La estructura económica, el mercado laboral, las contraprestaciones percibidas a cambio de los aportes, el marco legal y la capacidad de fiscalizar a las empresas juegan un papel fundamental en las posibilidades de ofrecer y acceder a puestos de trabajo formales. En este sentido, las instituciones con rectoría en la esfera del trabajo deben priorizar el diseño de políticas esenciales como:
  • políticas productivas que promuevan el crecimiento de la productividad y el desarrollo de sectores específicos y por este medio, que aseguren su traducción en creación de empleo, garantizando que los puestos de trabajo nuevos y existentes tengan condiciones de trabajo decente;
  • políticas de empleo y leyes laborales que permitan que las personas tengan las herramientas y los mecanismos para acceder a los puestos de trabajo decentes que se crean con el impulso productivo; y,
  • políticas de protección social, promoviendo transacciones formales para avanzar hacia una economía con productividad y distribución equitativa de las ganancias para todos y todas. Para ello, la interacción con la política de salud, de educación y de cuidados es clave.

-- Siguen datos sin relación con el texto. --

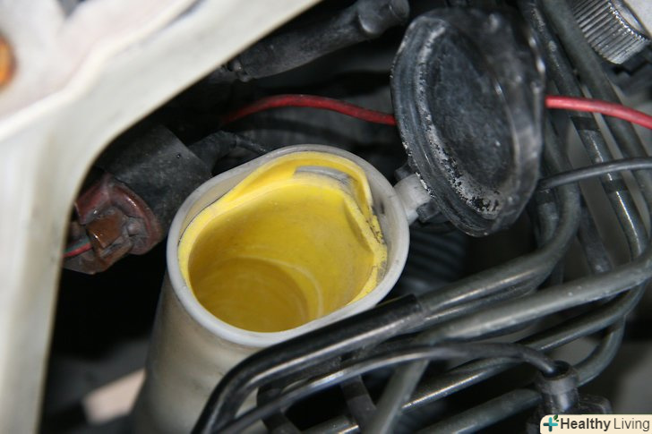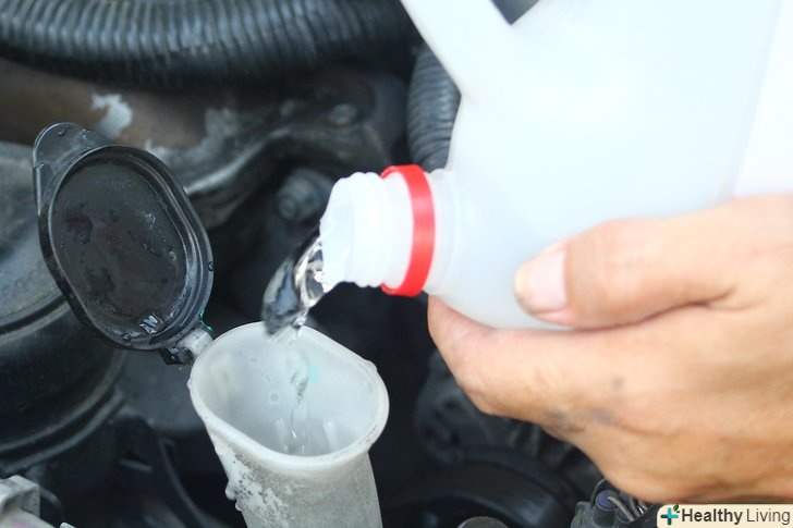 Якщо необхідно, долийте омиває рідини в бачок.- Змішайте рідину у відповідній інструкції пропорції. Залийте її в бачок до необхідного рівня. Щоб полегшити процес заливки, використовуйте воронку.
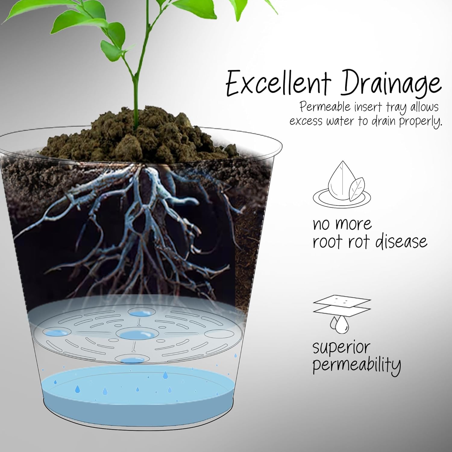 - INSERT POTS: Package includes 2 large planters and each planter comes with a steel insert pot to reduce the amount of soil needed to fill the containers. Each insert has a drainage plate to ensure that the plant roots have sufficient ventilation and respiration. And each insert has a cotton absorbent rope, which can prevent plant roots from rotting by absorbing excess water
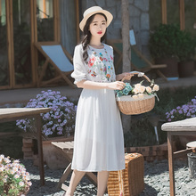 2017春夏新款复古文艺范小清新森女刺绣长袖雪纺连衣裙仙女中长裙
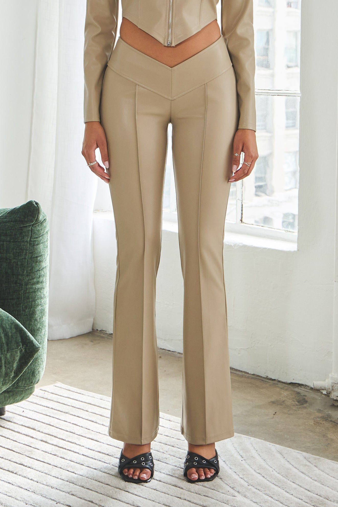 LEXY LEATHER V-CUT FLARED PANTS - TAN
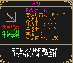 7、背包护符:锋刃(永久),绑定,售价30000元宝
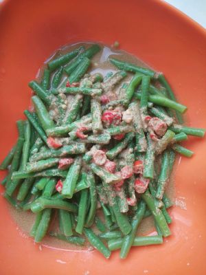 把豆角从凉水里捞出来,直接把调的麻汁倒上。。。好啦。就这么简单的。对了也可以把它用来拌凉面条哦,也是非常美味的!
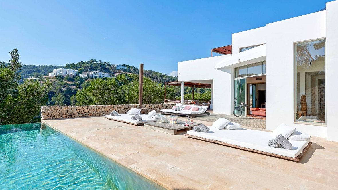 Encompassing a main house and an annexe, the property comfortably accommodates up to ten guests across five elegant double bedrooms, each with en-suite facilities. The heated infinity pool, framed by a spacious terrace, invites relaxation alongside sunbeds and a Jacuzzi. Outdoors, a large social area offers a lounge and dining patio, perfect for gatherings with breathtaking views of Formentera.
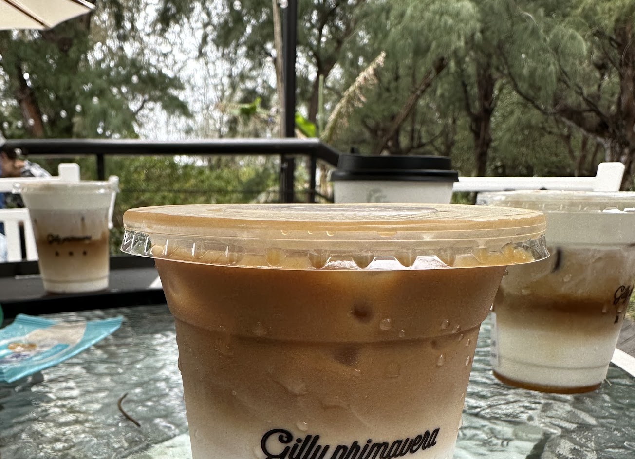 海邊風景不錯,有樹蔭有涼風,蹲坐在木棧板上就算眼神放空也舒服。吉林春很多人推薦,室內有冷氣位置少,客人都坐著不願意走,酷暑之下坐在樹蔭下也沒想像中熱,櫃檯男生服務冷冷的,飲料咖啡還不錯,櫥窗的可頌跟送來的可頌大小差太多。
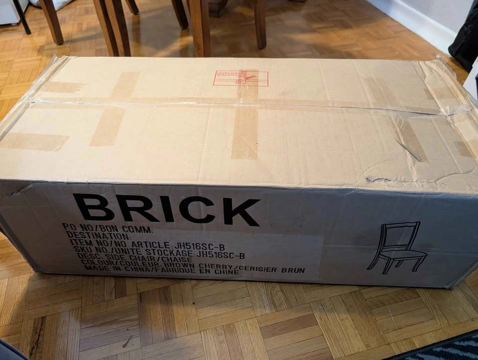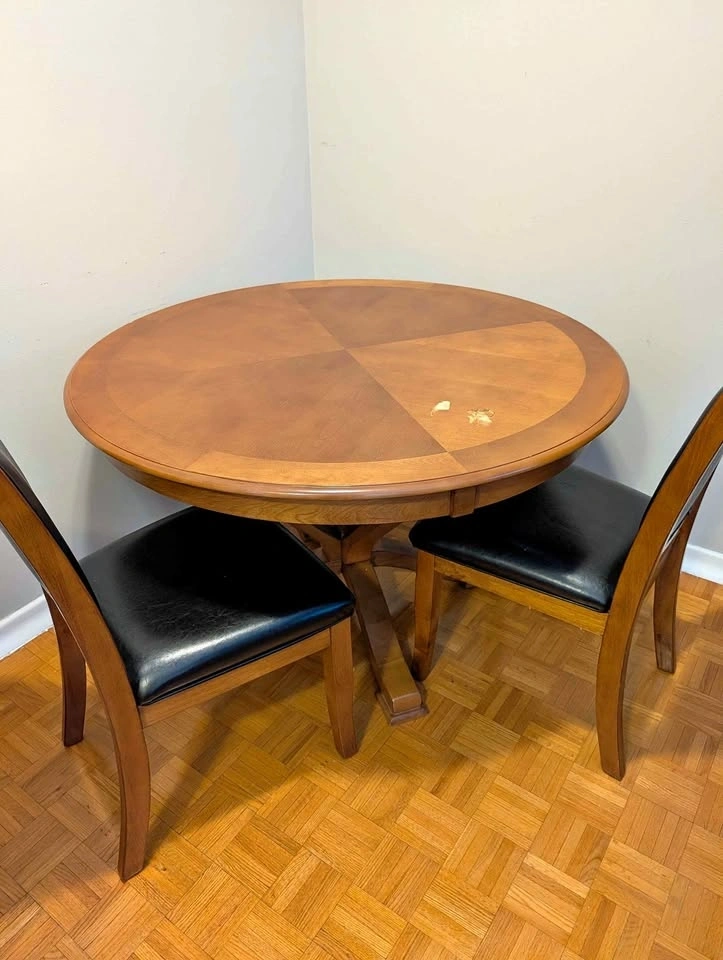 Dining table with 4 chairs. 2 of the chairs are still in the box, unused. Chairs are in good shape.
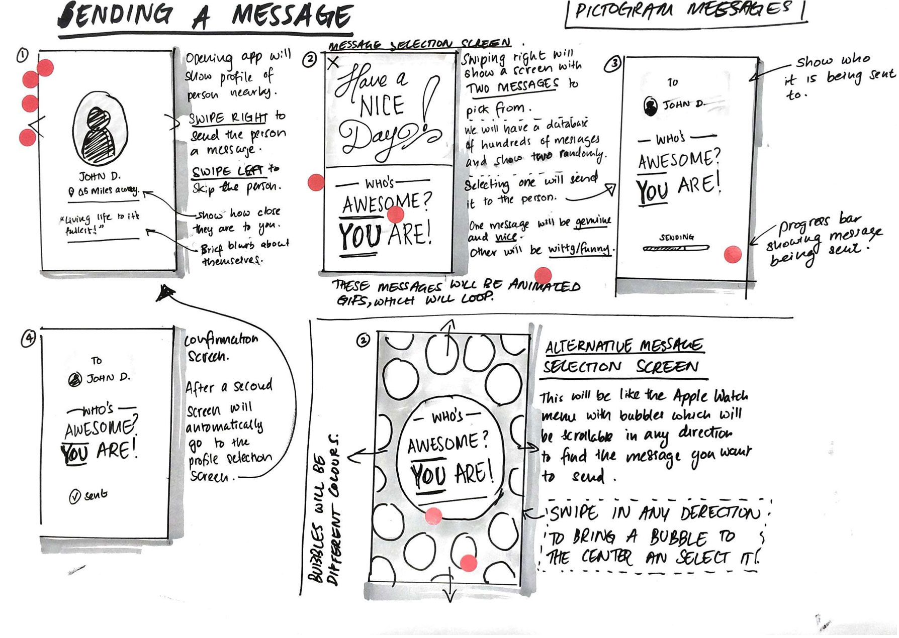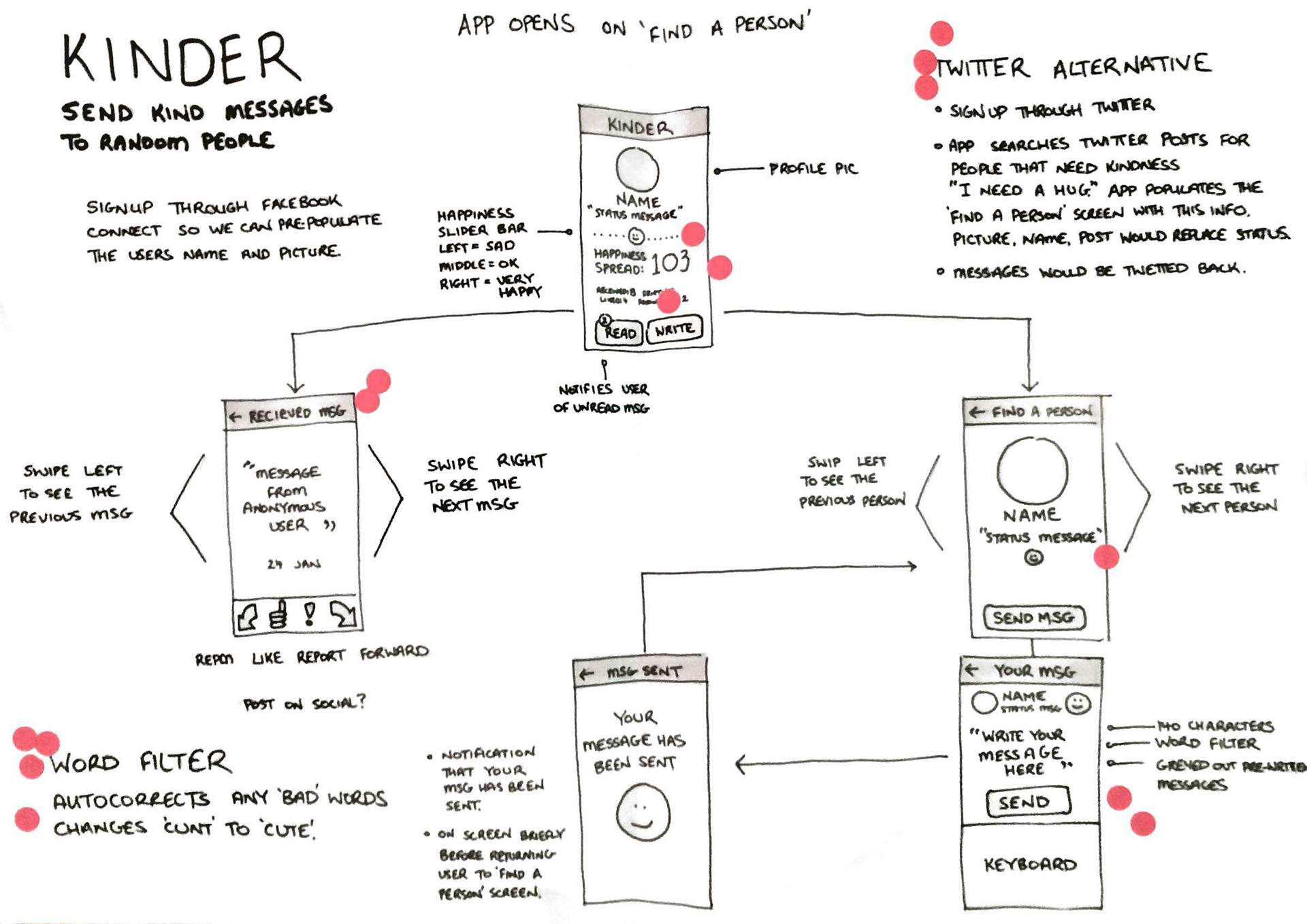 The project was self-initiated by a cross-discipline team to trial a rapid prototyping approach to app production. The goal was to take the simple idea that people like receiving happy messages and develop that into a small app, test with target audience, iterate and present a prototype to client within a week.
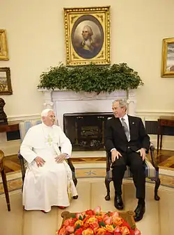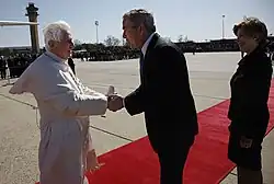- ^ Parker, Jennifer; Blakemore, Bill (April 15, 2008). "Bush Embraces Pope Benedict XVI". ABC News. Archived from the original on May 18, 2015. Retrieved August 17, 2011.

Una buena gestión por parte de estas instituciones tiene la potencialidad de reducir la dependencia y vulnerabilidad de una parte de la población al ofrecer un mayor acceso de las personas ocupadas a derechos laborales y de seguridad social. A su vez, tiene efectos contra cíclicos que fortalecen la resiliencia de la economía frente a crisis o contracciones, al tiempo que provee mayor recaudación tributaria al Estado y aportes a la seguridad social.
Para ello, es necesario el concurso de gobiernos nacionales y subnacionales, de empleadores, sindicatos y otros actores relevantes. Los recursos humanos especializados y sistemas de información adecuados son piezas sustanciales para acometer esta tarea.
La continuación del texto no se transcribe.